Your assignment:
Could you restate the entries word for word, without the images?

Data under study:
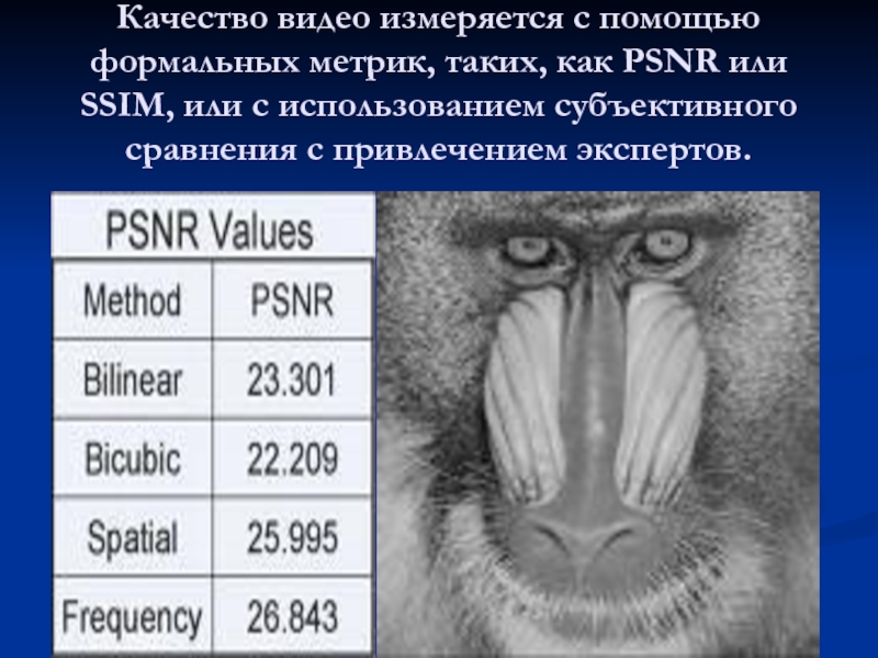 Слайд 5Качество видео измеряется с помощью формальных метрик, таких, как PSNR
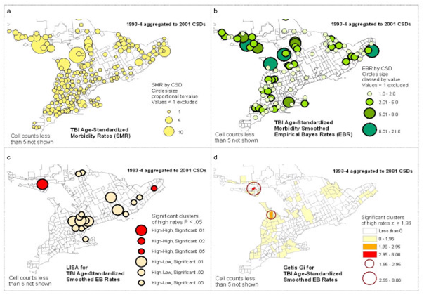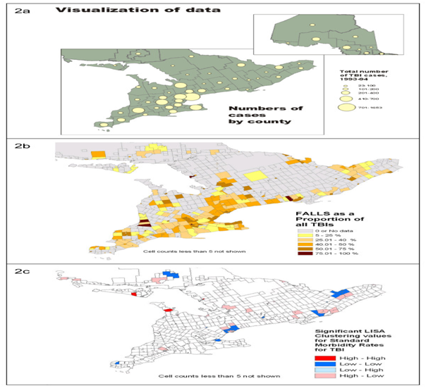 In another study, Using Geographical Information Systems Mapping to Identify Areas Presenting High Risk for Traumatic Brain Injury, Colantonio et al.,10 show how “geographical information systems (GIS) can be used to track and compare hospitalization rates for traumatic brain injury (TBI) over time and across a large geographical area using population based data”. To do so, they used the Ontario Trauma Registry Minimum Data Set and Statistics Canada Census Geographic files in mapping and analyzing data on TBI hospitalizations as shown in Figure 2, and geographic and demographic variables using “various visualization techniques, exploratory data analysis and spatial analysis”. In addition, they studied “both the raw and standardized rates by age/gender of the geographical unit”.
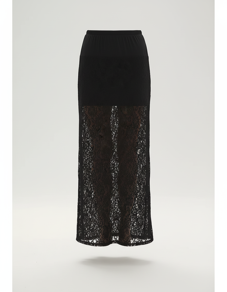 Adoptez un look sophistiqué et audacieux avec notre Jupe Dentelle Noire Transparente, une pièce maîtresse pour une allure glamour.
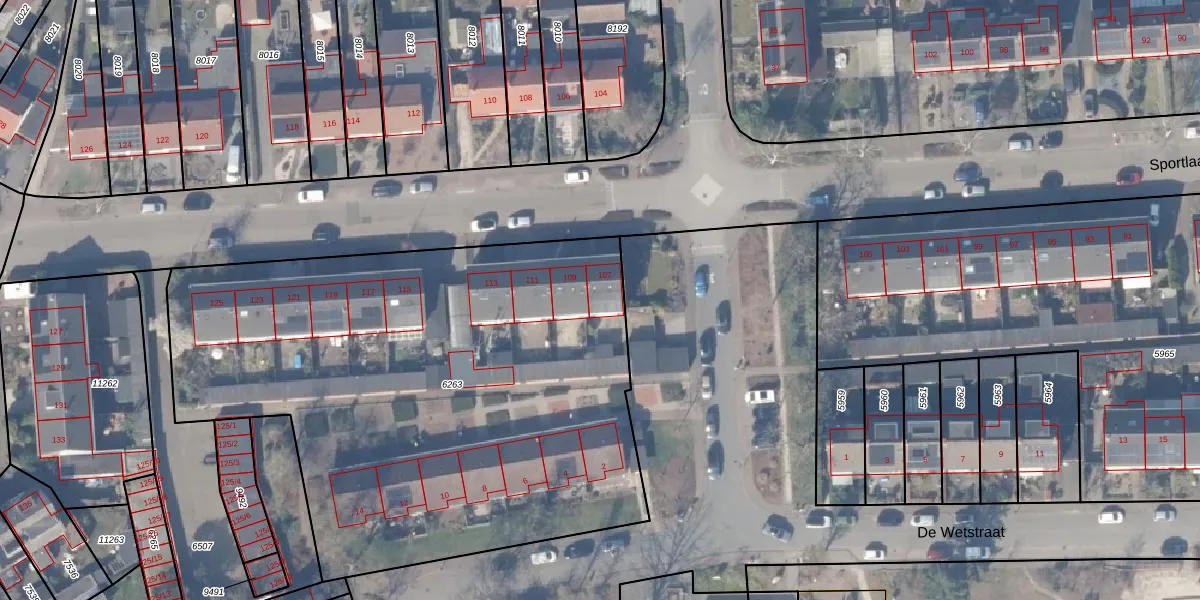 Het perceel waarop Sportlaan 107 staat heeft een oppervlakte van 3375 m². Dit is een zeer groot perceel. De perceeloppervlakte wordt geregistreerd door het Kadaster. Gedetailleerde informatie over de maten van dit perceel kunt u vinden in het rapport Kadastrale kaart met maatvoering van Sportlaan 107.
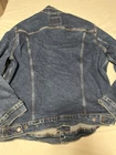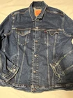 Crafted for comfort and style, the Levi's Trucker Jacket in men's size 2XL is a classic staple for any casual wardrobe. The dark wash blue denim jean material provides a rugged, yet refined look that's perfect for a range of occasions, from weekend outings to relaxed work environments. The jacket's solid color and subtle logo accent on the back pocket add to its timeless appeal. Key features like a collared design, stretch fabric for ease of movement, and multiple pockets for convenience make this jacket an ideal choice for fall, spring, and winter seasons. Its machine washable cotton lining ensures easy care, while the regular fit promises a look that's not too tight or too loose. The jacket closes with classic buttons, sealing the deal on this everyday essential.
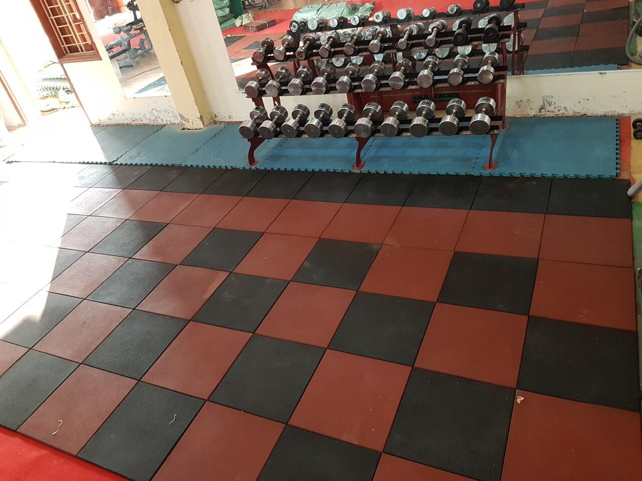 Gạch cao su 15mm-20mm: sử dụng cho khu vực thông thường (kê máy tập) thì chỉ cần sử dụng loại có độ dày 15mm-20mm là ổn
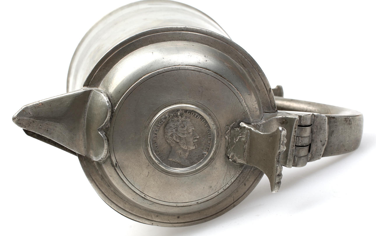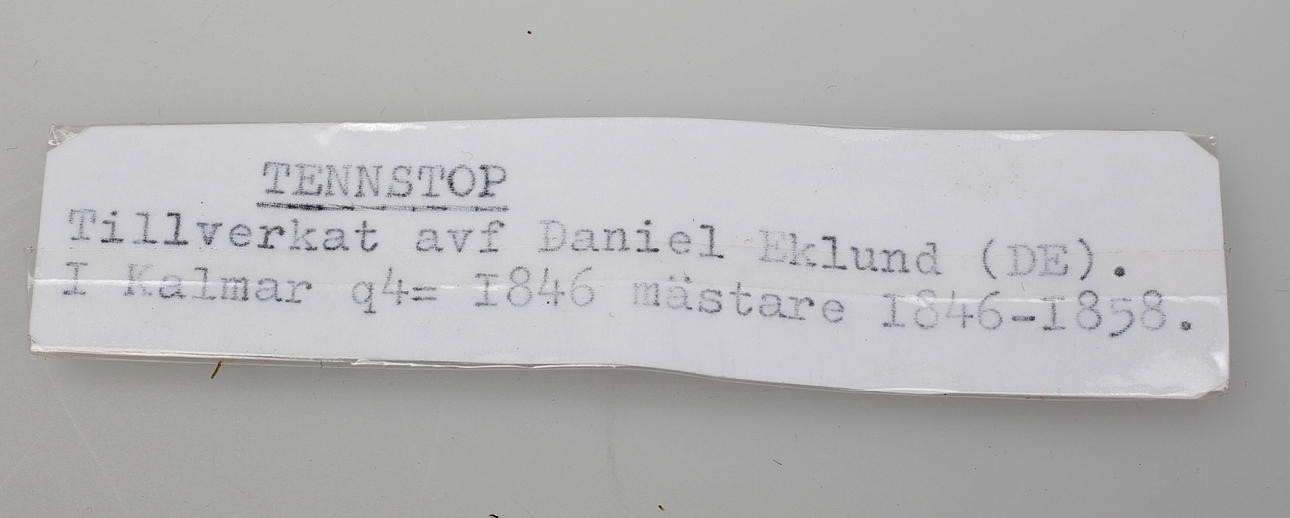 Stopet stämplat Daniel Eklund, Kalmar 1846, Höjd 20 cm Fatet stämplat Johan Petter Fagerström, Kalmar 1823 Diameter 28 cm.
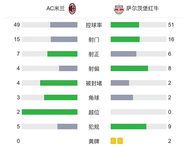 全场比赛结束,最终AC米兰主场4-0大胜萨尔茨堡红牛。
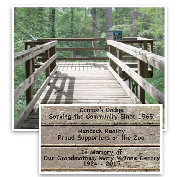 Join our “walk on the wild side”. . . Over 3,000 feet of wood decking and bridge walkways will wind their way through the entire zoo. Your personalized deck board will be seen by millions of zoo-goers, year after year. Whether it’s to commemorate a loved one, or a way for your business, group, or organization to show its support, an engraved board will contribute toward our efforts to Build Your Zoo.
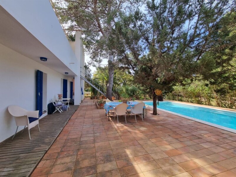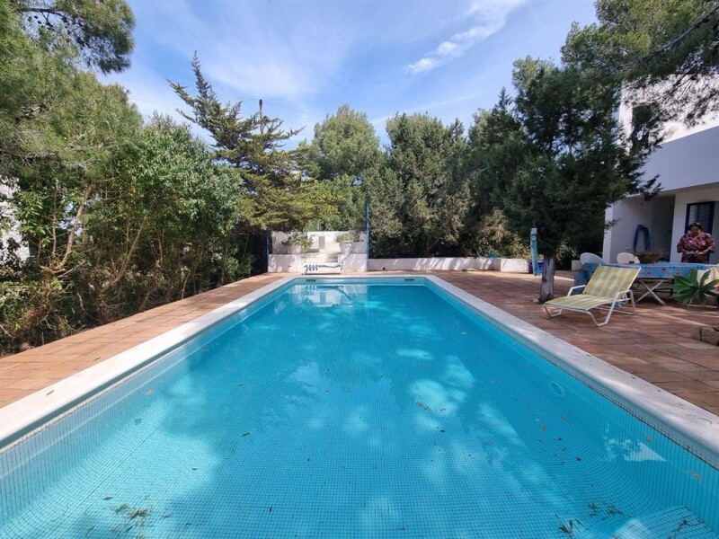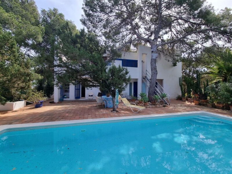 Iconic cubist Villa in Cala Vadella with lots of potential - close to the beach Nestled in the picturesque coastal village of Cala Vadella, this original white island designer gem stands as a testament to contemporary architectural elegance. Revered in international magazines and architecture books and magazines, this stunning residence is poised for renovation, ready to once again captivate with its minimalist cubic design and meticulously defined lines. Situated over two levels, the house boasts an array of unique features, including designer taps by Philip Starck. Upon entering through a charming patio, guests are greeted by three bedrooms and two bathrooms on the ground floor, with the potential to create an additional bedroom with an en-suite bathroom in the annex building. Ascending to the first floor reveals an inviting lounge/dining room adorned with Venetian shades that delicately shape the sunlight, creating an ambiance of serene tranquility. A separate kitchen opens onto an outdoor dining terrace, offering an ideal setting for alfresco gatherings. Ascend the stairs to the rooftop, where a sunny chill-out lounge awaits, providing panoramic views of the surrounding landscape. Outside, a private huge swimming pool beckons for refreshing dips, while the lush garden, adorned with beautiful trees, offers a serene escape. Secure parking for four cars is provided on the property, ensuring convenience and peace of mind for residents and guests alike. Beyond the confines of this exquisite abode, the azure waters of Cala Vadella beckon, just a five-minute stroll away. Explore nearby beaches such as Cala Bassa, home to the renowned CBBC Beach Club, or Cala Conta, where the iconic Sunset Ashram awaits. For those seeking culinary delights, the charming village of San Josep is a mere four kilometers away, offering an array of restaurants, shops, and amenities. Conveniently located just 15 minutes from the airport and 20 minutes from the bustling streets of Ibiza Town, this unique property offers a harmonious blend of serenity and accessibility, making it an idyllic retreat for discerning individuals seeking the epitome of island living.
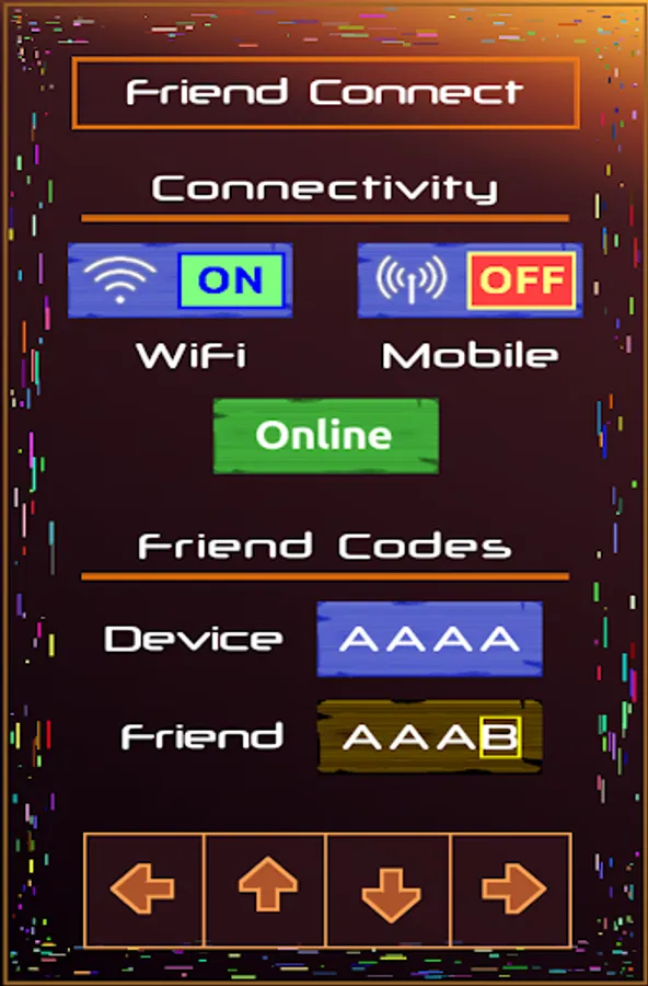 Two player mode is provided by Retro Joyco's multi-player Friend Connect add-on (included with purchase). Take your app online. Request a device code when you're ready for two player fun. Input your friend's code and pow ... you connect! Begin playing immediately.

Answer for this exercise:
 Слайд 5Качество видео измеряется с помощью формальных метрик, таких, как PSNR
 In another study, Using Geographical Information Systems Mapping to Identify Areas Presenting High Risk for Traumatic Brain Injury, Colantonio et al.,10 show how “geographical information systems (GIS) can be used to track and compare hospitalization rates for traumatic brain injury (TBI) over time and across a large geographical area using population based data”. To do so, they used the Ontario Trauma Registry Minimum Data Set and Statistics Canada Census Geographic files in mapping and analyzing data on TBI hospitalizations as shown in Figure 2, and geographic and demographic variables using “various visualization techniques, exploratory data analysis and spatial analysis”. In addition, they studied “both the raw and standardized rates by age/gender of the geographical unit”.
 Adoptez un look sophistiqué et audacieux avec notre Jupe Dentelle Noire Transparente, une pièce maîtresse pour une allure glamour.
 Het perceel waarop Sportlaan 107 staat heeft een oppervlakte van 3375 m². Dit is een zeer groot perceel. De perceeloppervlakte wordt geregistreerd door het Kadaster. Gedetailleerde informatie over de maten van dit perceel kunt u vinden in het rapport Kadastrale kaart met maatvoering van Sportlaan 107.
 Crafted for comfort and style, the Levi's Trucker Jacket in men's size 2XL is a classic staple for any casual wardrobe. The dark wash blue denim jean material provides a rugged, yet refined look that's perfect for a range of occasions, from weekend outings to relaxed work environments. The jacket's solid color and subtle logo accent on the back pocket add to its timeless appeal. Key features like a collared design, stretch fabric for ease of movement, and multiple pockets for convenience make this jacket an ideal choice for fall, spring, and winter seasons. Its machine washable cotton lining ensures easy care, while the regular fit promises a look that's not too tight or too loose. The jacket closes with classic buttons, sealing the deal on this everyday essential.
 Gạch cao su 15mm-20mm: sử dụng cho khu vực thông thường (kê máy tập) thì chỉ cần sử dụng loại có độ dày 15mm-20mm là ổn
 Stopet stämplat Daniel Eklund, Kalmar 1846, Höjd 20 cm Fatet stämplat Johan Petter Fagerström, Kalmar 1823 Diameter 28 cm.
 全场比赛结束,最终AC米兰主场4-0大胜萨尔茨堡红牛。
 Join our “walk on the wild side”. . . Over 3,000 feet of wood decking and bridge walkways will wind their way through the entire zoo. Your personalized deck board will be seen by millions of zoo-goers, year after year. Whether it’s to commemorate a loved one, or a way for your business, group, or organization to show its support, an engraved board will contribute toward our efforts to Build Your Zoo.
 Iconic cubist Villa in Cala Vadella with lots of potential - close to the beach Nestled in the picturesque coastal village of Cala Vadella, this original white island designer gem stands as a testament to contemporary architectural elegance. Revered in international magazines and architecture books and magazines, this stunning residence is poised for renovation, ready to once again captivate with its minimalist cubic design and meticulously defined lines. Situated over two levels, the house boasts an array of unique features, including designer taps by Philip Starck. Upon entering through a charming patio, guests are greeted by three bedrooms and two bathrooms on the ground floor, with the potential to create an additional bedroom with an en-suite bathroom in the annex building. Ascending to the first floor reveals an inviting lounge/dining room adorned with Venetian shades that delicately shape the sunlight, creating an ambiance of serene tranquility. A separate kitchen opens onto an outdoor dining terrace, offering an ideal setting for alfresco gatherings. Ascend the stairs to the rooftop, where a sunny chill-out lounge awaits, providing panoramic views of the surrounding landscape. Outside, a private huge swimming pool beckons for refreshing dips, while the lush garden, adorned with beautiful trees, offers a serene escape. Secure parking for four cars is provided on the property, ensuring convenience and peace of mind for residents and guests alike. Beyond the confines of this exquisite abode, the azure waters of Cala Vadella beckon, just a five-minute stroll away. Explore nearby beaches such as Cala Bassa, home to the renowned CBBC Beach Club, or Cala Conta, where the iconic Sunset Ashram awaits. For those seeking culinary delights, the charming village of San Josep is a mere four kilometers away, offering an array of restaurants, shops, and amenities. Conveniently located just 15 minutes from the airport and 20 minutes from the bustling streets of Ibiza Town, this unique property offers a harmonious blend of serenity and accessibility, making it an idyllic retreat for discerning individuals seeking the epitome of island living.
 Two player mode is provided by Retro Joyco's multi-player Friend Connect add-on (included with purchase). Take your app online. Request a device code when you're ready for two player fun. Input your friend's code and pow ... you connect! Begin playing immediately.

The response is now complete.